Mid November 2016 and my time at Silver Helm was fast drawing to a close. They were turbulent times and the strain was having an unfortunate effect on my memory and my sleep. Nights were filled with bad dreams and days with forgetting or losing things. Then there was Mr Haughty, my successor in the frozen north coming to pick my brains and steal all my knowledge, not to mention the spectre of Christmas looming. It felt as if all the festive furore began earlier every year and I was feeling very bah humbug about it all.
19 November 2013
I think my mind is going. Yesterday I left my computer glasses at home on the coffee table in the gym. I took them out of my ruck sack on Sunday morning to make room for water bottles and such but completely forgot to put them back in. My walking around glasses are varifocals, I can see the screen with them but I have to keep moving my head about like a Tourette’s sufferer with a particularly horrible tic. This was not a good plan for the rest of the day, especially not with Arabella in the office. Luckily Commando was planning a jaunt into town to do some pre-Christmas shopping reconnoissance so I left him a message asking if he could drop them off on his way past. Cue Commando galloping to the rescue again as usual.
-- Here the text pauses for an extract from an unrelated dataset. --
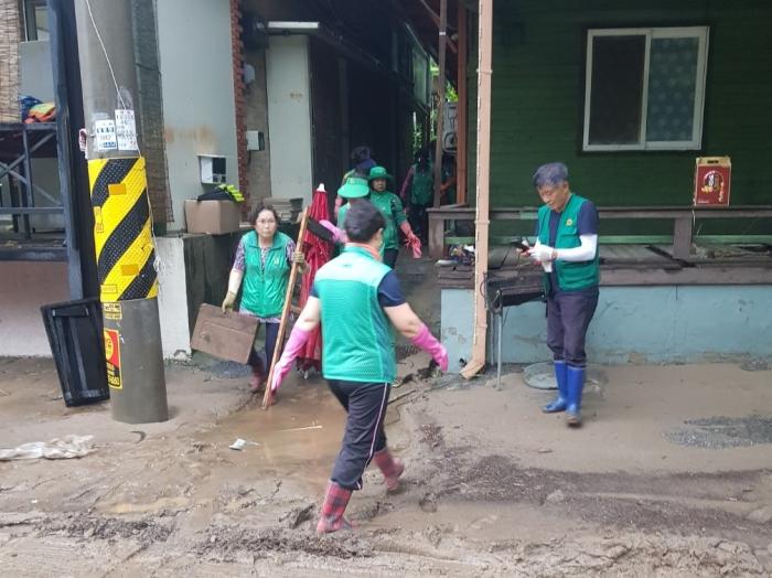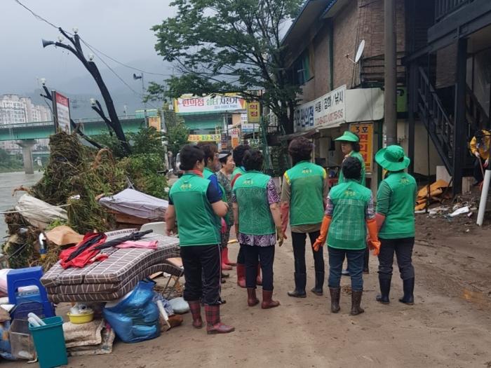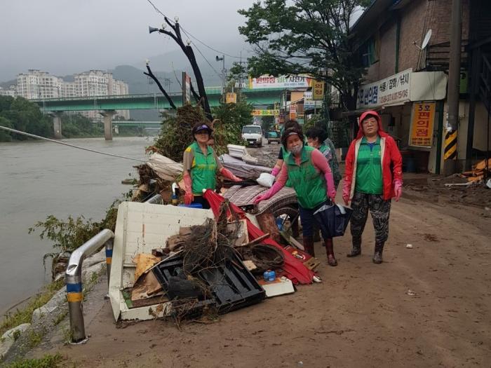 청평면새마을 남.여지도자 안전유원지 수해복구 구슬땀

Sometimes I feel like a disaster waiting to happen I really do. In the time it took me to grab the glasses and give him a swift thank you kiss a spatter of bird poop appeared on the car door. “Where did that come from,” Commando grumbled, staring pointedly at it and then me as if I’d done it myself. I looked up into the tree overhanging the parking bay and there, sure enough, was a magpie, I swear he was laughing at me.
Mother always used to say that a bird pooping on you was good luck. Somehow I find that hard to believe. Considering all the birds we kept and the monotonous regularity with which they pooped on us we should have been the luckiest people on the planet. We weren’t by a very long chalk. Still, I suppose it was lucky Mr Magpie didn’t poop on us mid kiss, that would have killed the romance of the moment for sure. It was also lucky Commando was driving Mattie Matiz because if the poop had been on his pristine black Mazda it would probably have been the last poop that particular magpie ever did.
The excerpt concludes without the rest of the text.